Start of DATASET EXCERPT
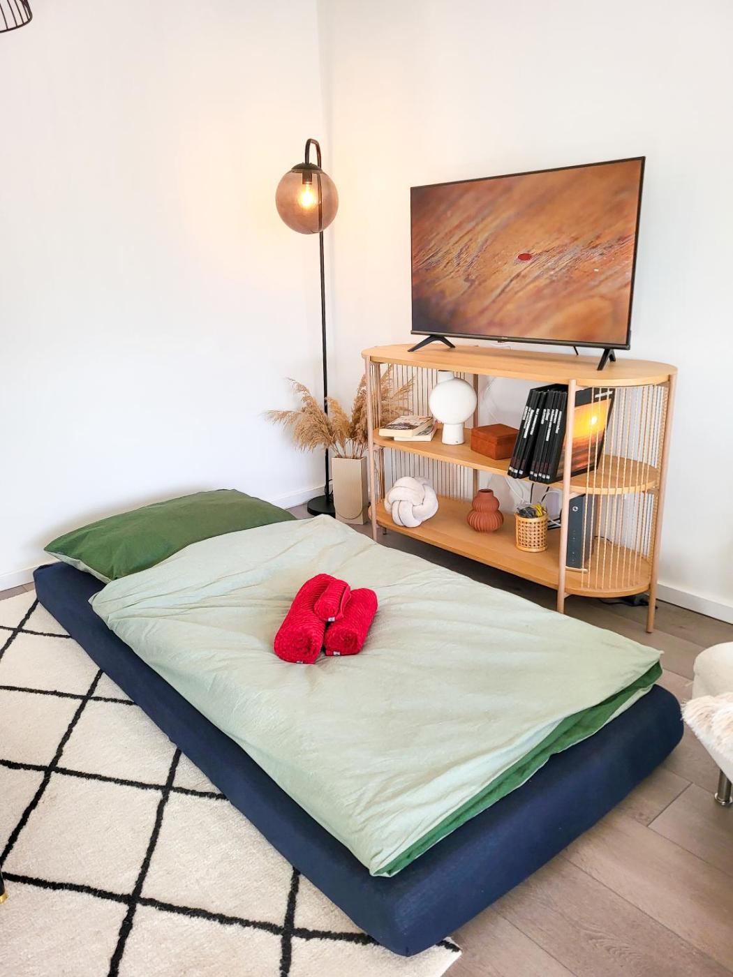 Two-Bedroom Apartment. This spacious apartment is comprised of 2 bedrooms, a seating area with a sofa and 1 bathroom with a bath. The well-fitted kitchen features a stovetop, a refrigerator, a dishwasher and kitchenware. Featuring a balcony with garden views, this apartment also offers a washing machine and a flat-screen TV. The unit offers 2 beds.
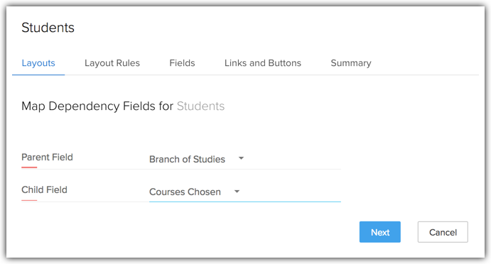 Notă: Câmpurile părinte și copil vor afișa toate câmpurile de tip listă de selecție prezente în layout și subformular. Pentru a mapa dependențele câmpurilor
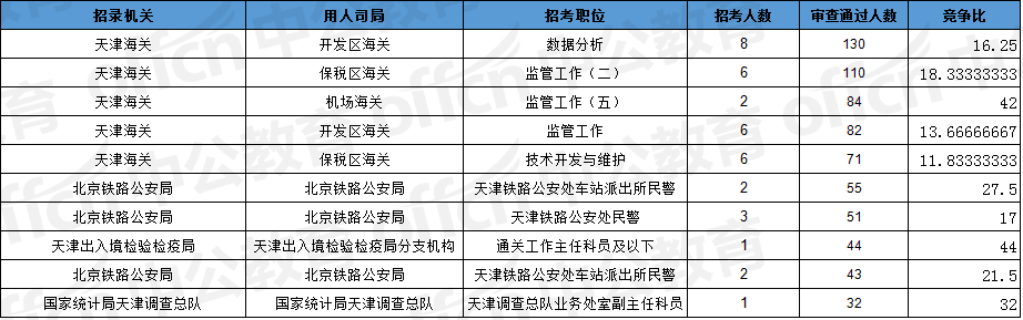 報名通過審核人數(shù)前十的職位主要集中在天津海關(guān)、北京鐵路公安局、天津出入境檢驗檢疫局等部門,具體信息如下:
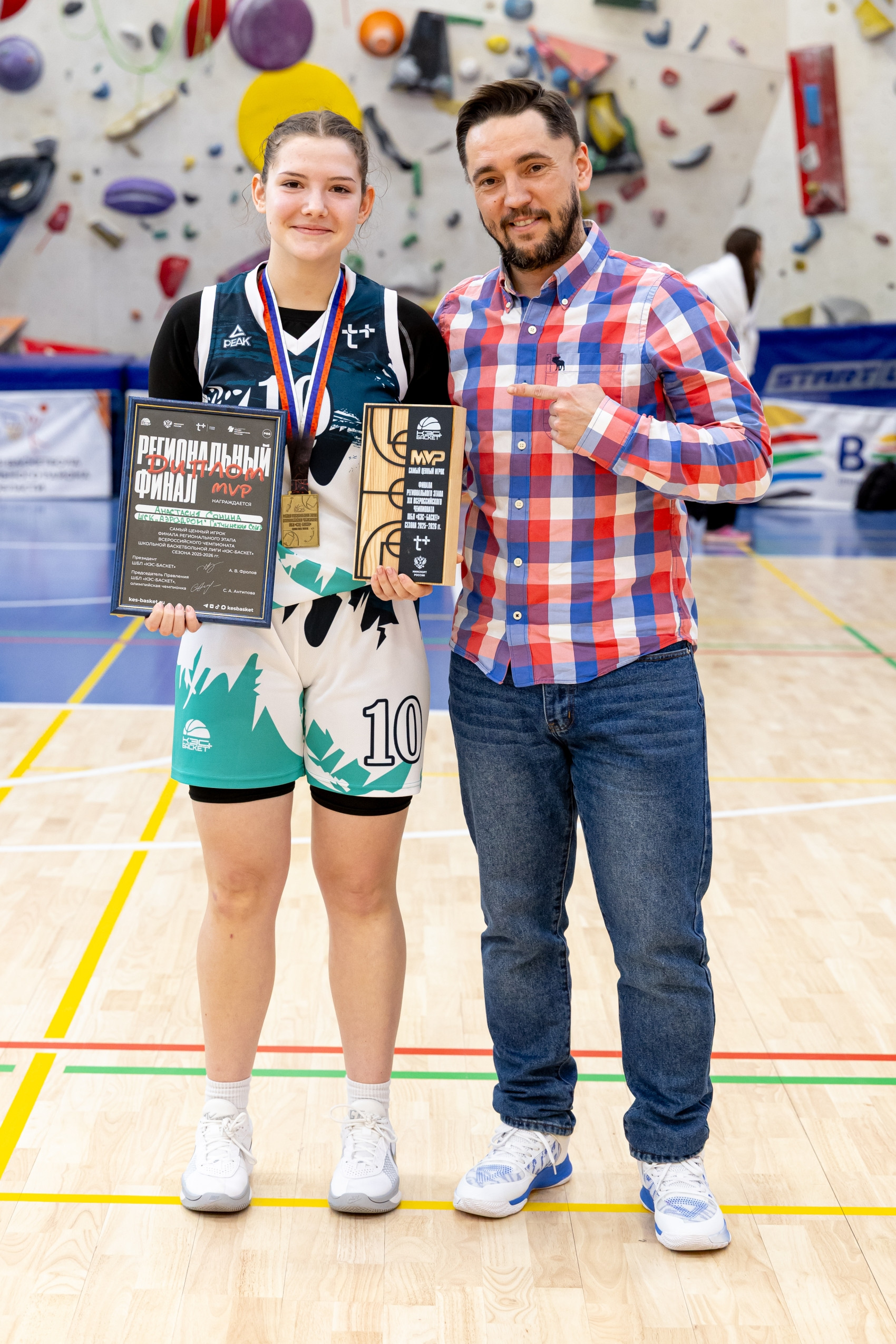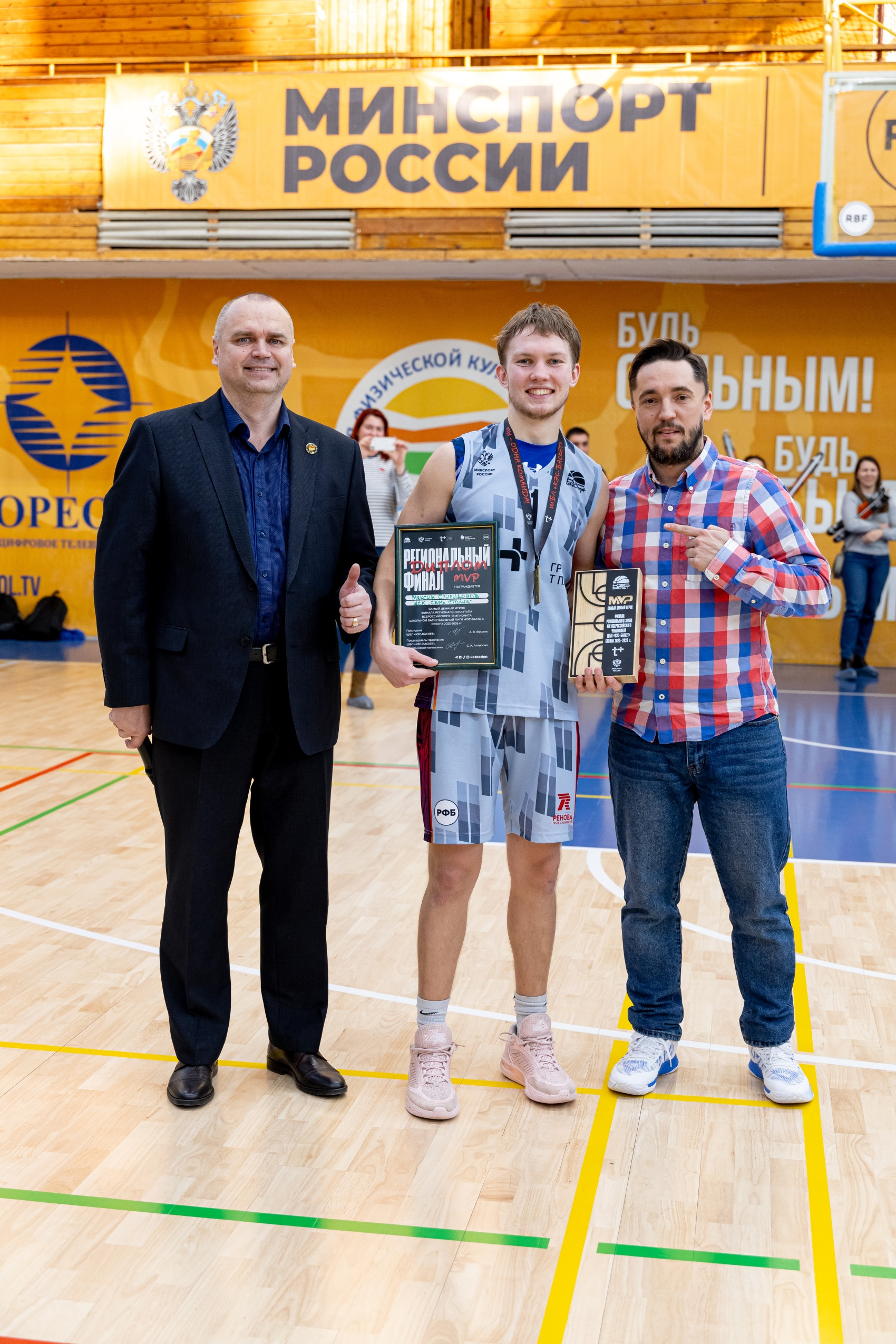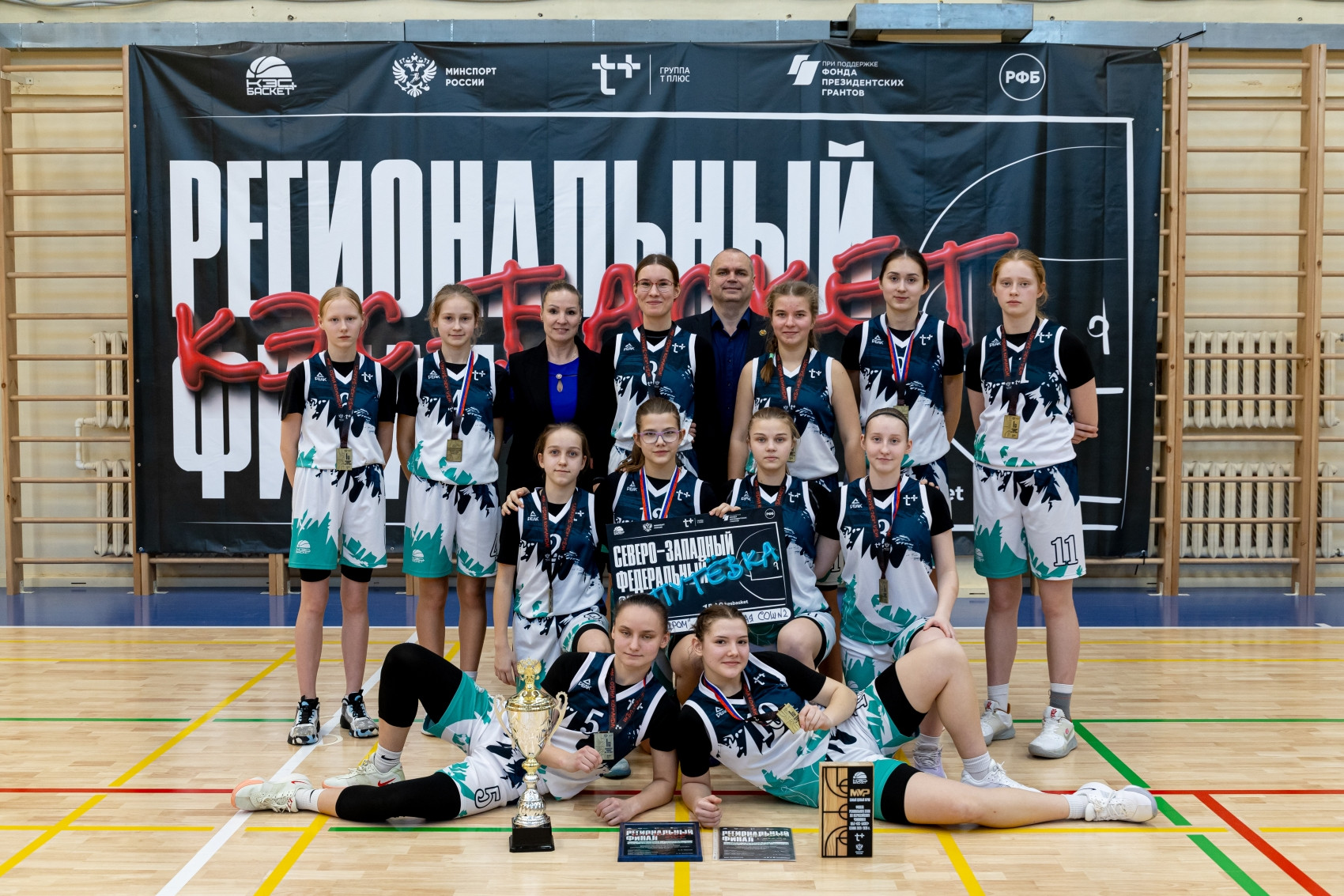MVP финала регионального этапа в Ленинградской области – Анастасия Сонина (Гатчинская СОШ №2, г. Гатчина) 24 очка, 10 подборов, 5 атакующих передач, 3 перехвата и Максим Спиридонов (СОШ «Кудровский ЦО №1», г. Кудрово) 21 очко, 5 атакующих передач, 12 подборов. Эти игроки задали темп игре и во многом определили исход встречи.
End of DATASET EXCERPT
→ WHAT NEEDS TO BE DONE:
Without the pictures, retype the whole of the material above exactly.

→ YOUR RESPONSE:
 Two-Bedroom Apartment. This spacious apartment is comprised of 2 bedrooms, a seating area with a sofa and 1 bathroom with a bath. The well-fitted kitchen features a stovetop, a refrigerator, a dishwasher and kitchenware. Featuring a balcony with garden views, this apartment also offers a washing machine and a flat-screen TV. The unit offers 2 beds.
 Notă: Câmpurile părinte și copil vor afișa toate câmpurile de tip listă de selecție prezente în layout și subformular. Pentru a mapa dependențele câmpurilor
 報名通過審核人數(shù)前十的職位主要集中在天津海關(guān)、北京鐵路公安局、天津出入境檢驗檢疫局等部門,具體信息如下:
MVP финала регионального этапа в Ленинградской области – Анастасия Сонина (Гатчинская СОШ №2, г. Гатчина) 24 очка, 10 подборов, 5 атакующих передач, 3 перехвата и Максим Спиридонов (СОШ «Кудровский ЦО №1», г. Кудрово) 21 очко, 5 атакующих передач, 12 подборов. Эти игроки задали темп игре и во многом определили исход встречи.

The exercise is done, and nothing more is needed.